The second thing we need to do is we need to encourage more people to go into psychiatric specialties. One of the ways we can do that is with direct loans and by expanding residency programs. We have more individuals graduating from medical school than there are residency spots. One of the things we know, going back to your question about rural care, is that residents tend to go into practice within about 80 miles of where they do their residency. And yet, many of the rural areas don't have residency. We could expand residency programs, particularly in primary care and behavioral health care, into those rural areas. At the same time, we should work with loan forgiveness programs. Only about four to six percent of medical school applicants come from rural and underserved areas. So we need to do something to stimulate those talented individuals to decide to go into healthcare and hopefully become physicians. On the other end, we need to work to reduce the number of people who are leaving medicine because of all the things that we've spoken about. 

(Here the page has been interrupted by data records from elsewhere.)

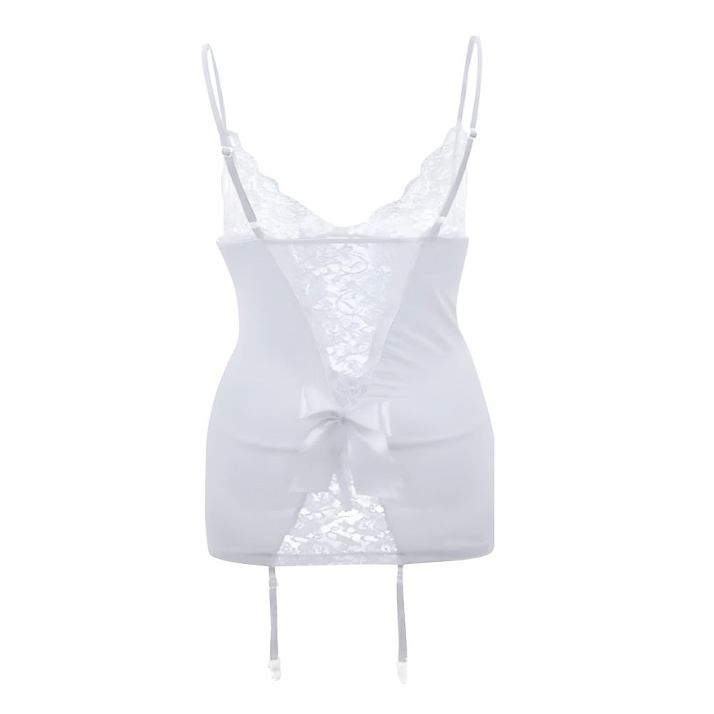 Inicio CUIDADO PERSONAL ADULTOS Lenceria X Babydoll blanco de encaje para mujer con liguero transparente
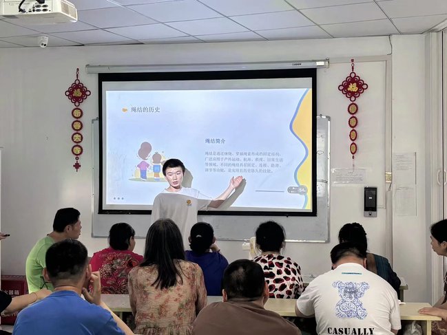 手工课上,志愿者还围绕“绳结的历史”展开文化知识讲解。借助图文并茂的材料,学员们了解了中国传统绳结的文化内涵和编织技巧。志愿者通过现场演示,让学员们近距离感受绳结艺术的魅力。这一环节不仅拓宽了学员们的知识面,也营造了轻松愉悦的学习氛围,增强了他们的文化认同感。
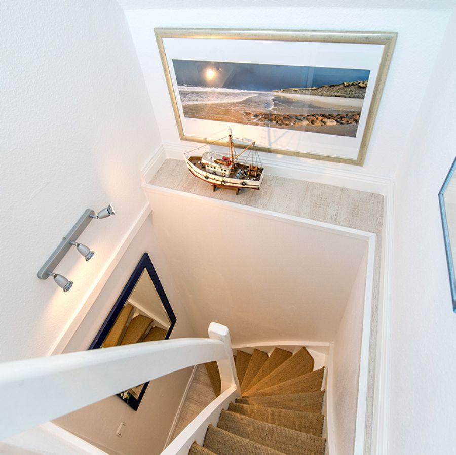 Moin und herzlich Willkommen im Appartement „Studio“, einer kleinen, sehr gemütlichen Ferienwohnung unterm Dach, die 32 Quadratmeter groß und über eine urige halbe Wendeltreppe zu erreichen ist. Die lichtdurchflutete Wohnung bietet Platz für höchstens drei Personen, wobei eine*r dann auf der Schlafcouch im Wohnzimmer nächtigt.
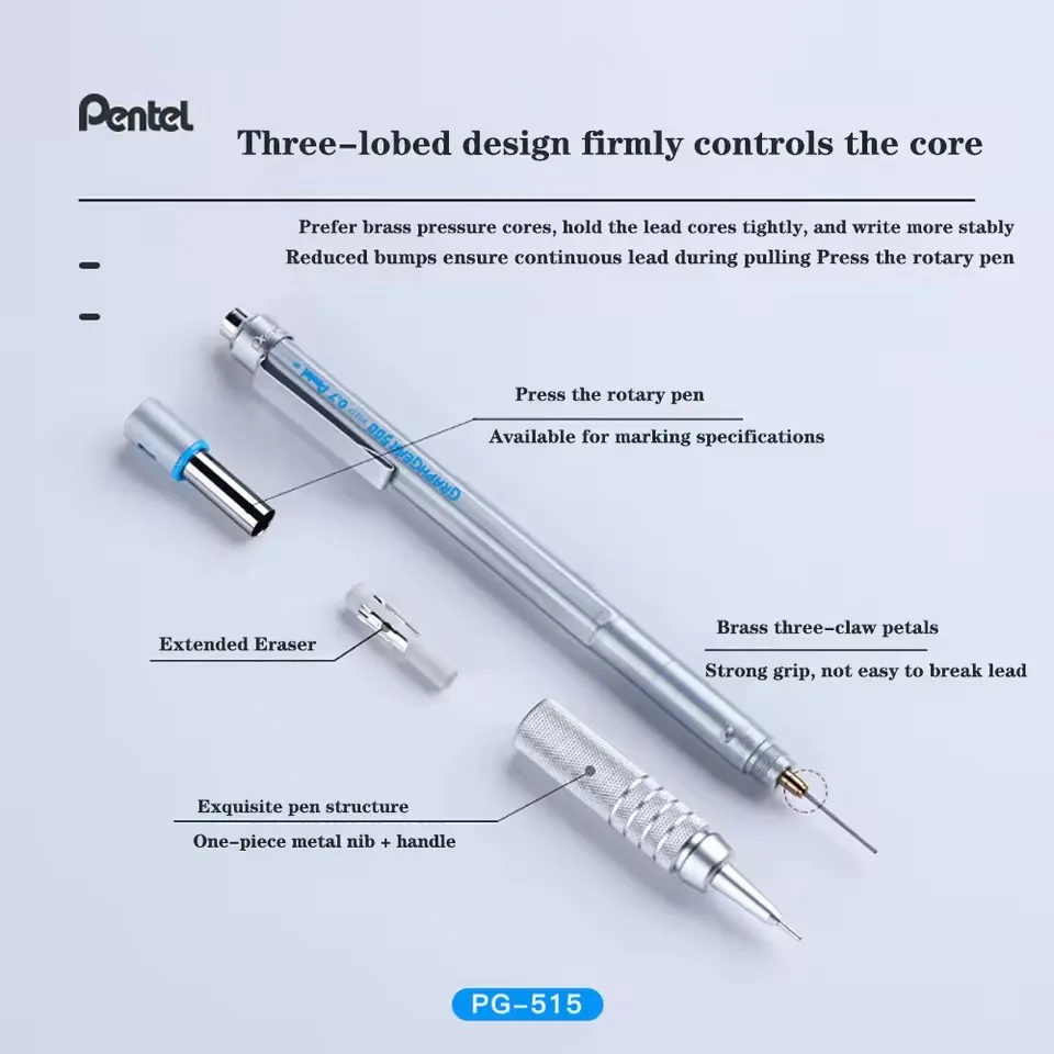Japan Pentel Graph Gear Drafting Metal Mechanical Pencil PG515 Drawing Automatic Pencil 0.3/0.5/0.7/0.9mm School Stationery
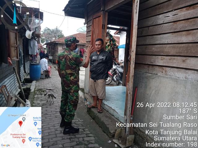 Tanjung Balai  |  Guna untuk memutus mata rantai penyebaran Virus Covid 19 serta untuk mengugah kesadaran masyarakat terhadap protokol kesehatan dalam rangka memutus rantai penyebaran covid-19 masih harus ditingkatkan dan diingatkan. Hal ini menjadi tugas para aparat di kewilayahan untuk terus melaksanakan sosialisasi dan aksi nyata di lapangan. Guna untuk memutus mata rantai penyebaran Virus Covid-19 di wilayah Binaan, Seperti halnya apa yang dilakukan oleh para Personel Koramil 17/Datuk Bandar jajaran Kodim 0208/Asahan Kopka Nurwanto turun kejalan raya untuk melaksanakan kegiatan pembagian masker kepada masyarakat dan memberikan himbauan kepada masyarakat tentang protokol kesehatan, yaitu agar selalu menggunakan masker setiap keluar rumah, cuci tangan pakai sabun dan menghindari kerumunan bersama dengan Bapak Samsul Bahri, Saudara Irwansyah dan Saudari Juliana br Dalimunte, kegiatan tersebut yang dilaksanakan bertempat di Jalan Sei Citarum Lingkungan VI Kelurahan Sumber Sari Kecamatan Sei Tualang Raso Kota Tanjung Balai, Selasa (26/04/2022).
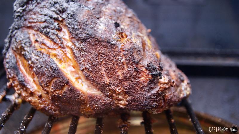 Al cocinar con una barbacoa con cubierta, green egg, kamado o ahumador, la carne nos queda con una costra crujiente y un interior súper tierno, pero debemos saber que nos tomará unos 90 minutos por cada medio kilo de carne a unos 120ºC, así es, low and slow babe! Eso quiere decir que en este caso, usando una pieza de 2 kilos, necesitaremos cerca de las 6 horas de cocción en el ahumador, cocciones largas a fuego indirecto que dan lo mejor de si para que disfrutes de una carne maravillosa. Hay que tener en cuenta que los ahumadores son como un horno y por ende, hay que conocerlos, todos tienen sus diferencias, saber controlar los tiros y entradas de aire, los tiempo pueden cambiar según si usamos leña o carbón, incluso por el tipo de leña que usemos, no todas las combustiones son iguales, en esta ocasión hemos usado leña de cerezo, de larga combustión y un aporte de aromas perfectos para el cerdo, ya que para una cocción prolongada nos es más cómodo usar leña que carbón, ya que tendríamos que estar añadiendo carbón continuamente para mantener la temperatura, ¿Se puede? Sí!, pero hay que estar más encima y alimentar la temperatura con carbones ya encendidos, sino la temperatura bajaría mucho y no es bueno para cocinar. El corazón del producto debe llegar a unos 85ºC, así que si tienes una sonda o un termómetro inalámbrico lo controlarás más fácil. una vez cocinado, es altamente recomendado que la pieza descanse cubierta fuera del calor, al menos 1 hora, así se redistribuirán los jugos y se asentarán los sabores. Si quieres hacerlo en horno, aquí te dejamos los tiempos para una pieza del mismo tamaño.
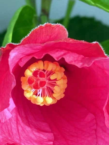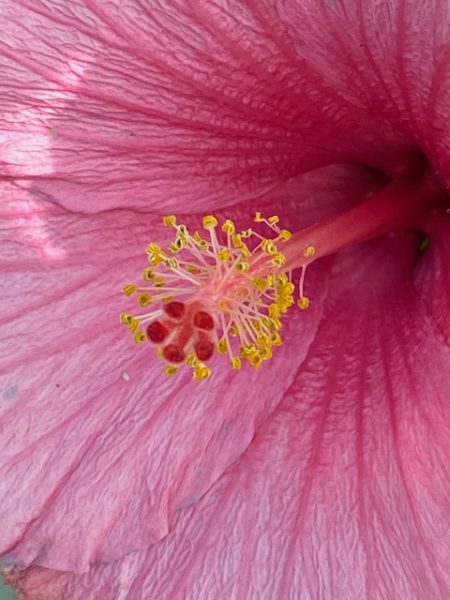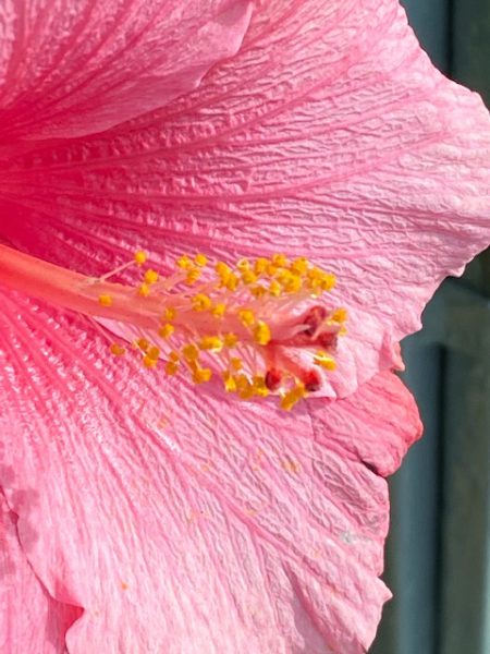 das Rot einer Hibiskusblüte, die sich vor dem Kramladen öffnet …
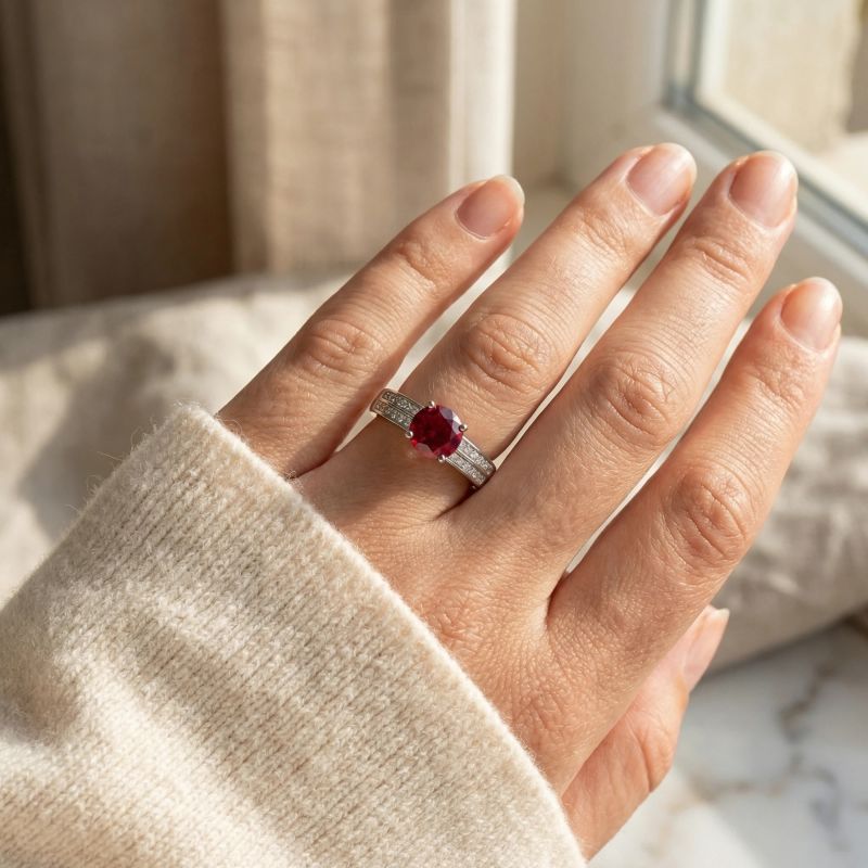 Le design de cette bague repose sur un motif central majestueux : une superbe spinelle rouge de taille ronde, aux reflets profonds et envoûtants, est maintenue par quatre griffes robustes. Ce solitaire est magnifiquement "accompagné" par un anneau large au profil moderne, dont les épaules sont ornées d'un double rang d'oxydes de zirconium scintillants. Ce pavage géométrique apporte une brillance continue et un contraste éclatant avec le rouge vibrant de la pierre centrale, offrant une silhouette à la fois classique et audacieuse.
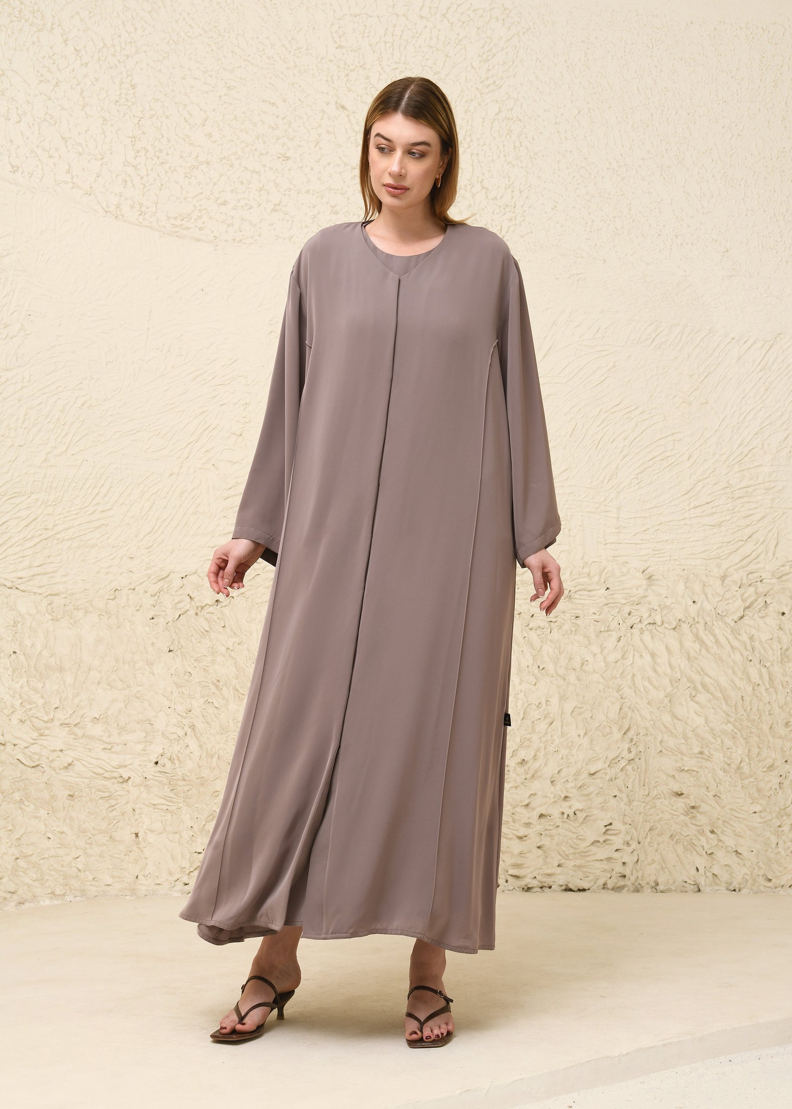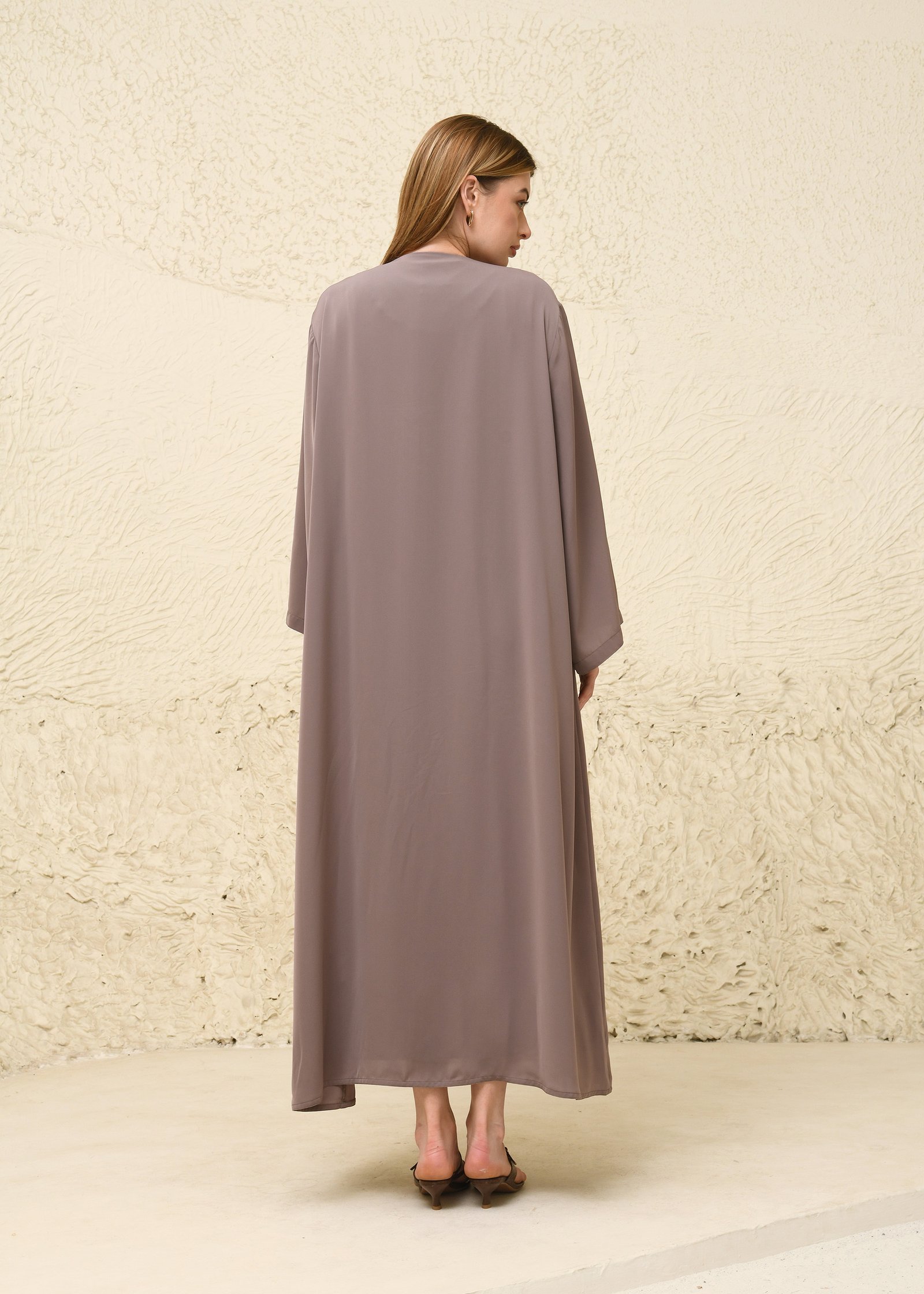 This abaya set is a celebration of subtle elegance and effortless grace, tailored from premium Nida fabric for a fluid, breathable drape. The abaya features a clean, straight-cut silhouette in a muted taupe hue, exuding understated sophistication. The design is minimal, with no visible embellishments—placing full emphasis on the soft texture and elegant fall of the fabric.The set includes a matching inner dress for layered modesty, and a coordinating taupe scarf that completes the ensemble with tonal harmony. Versatile and timeless, this look is perfect for everyday wear, spiritual gatherings, or quiet moments of self-reflection.
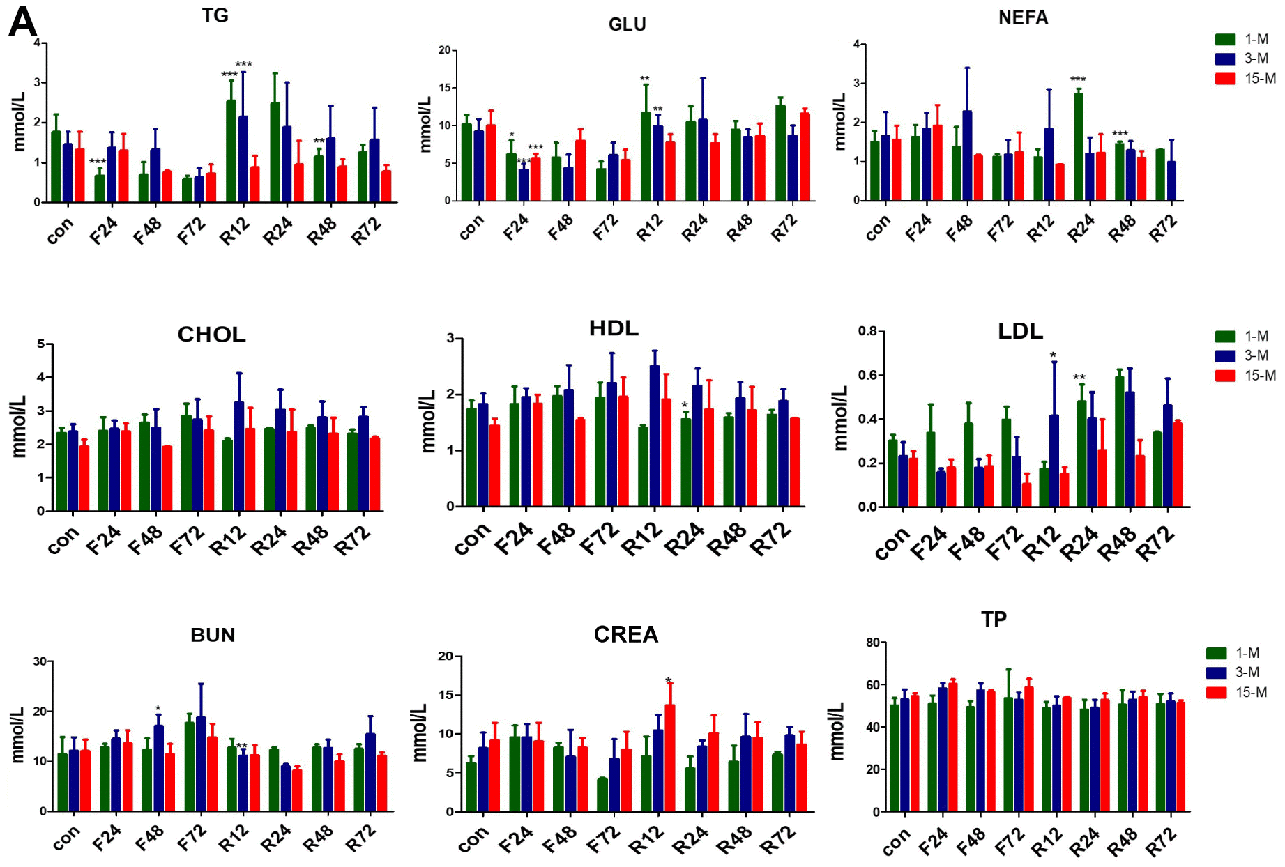 Figure 4.Serum concentrations of metabolites in the three groups of mice subjected to fasting and refeeding. (A) All data are presented as the mean ± SEM. * p < 0.05; ** p < 0.01; *** p <0.001.

While we're talking about mental health care, one of the other topics that needs to be addressed is mental health care for physicians. Physician suicide has actually risen to new levels since the pandemic and we can't afford to lose one more person to suicide. Part of the problem is that people are hesitant. Physicians are hesitant to seek mental health care, because of the stigma that has traditionally been associated with that. For physicians, that stigma is even greater because on application forms for licensure and for credentialing at hospitals, they're oftentimes asked, have you had any previous mental health challenges? AMA has been pushing and pushing successfully in many states and with many hospitals to change those questions to talk about current impairment rather than past impairment. We're also reaching out to create, with money from the Lorna Breen Act as well as other sources, to create opportunities for physicians to get the care that they need before they reach crisis level.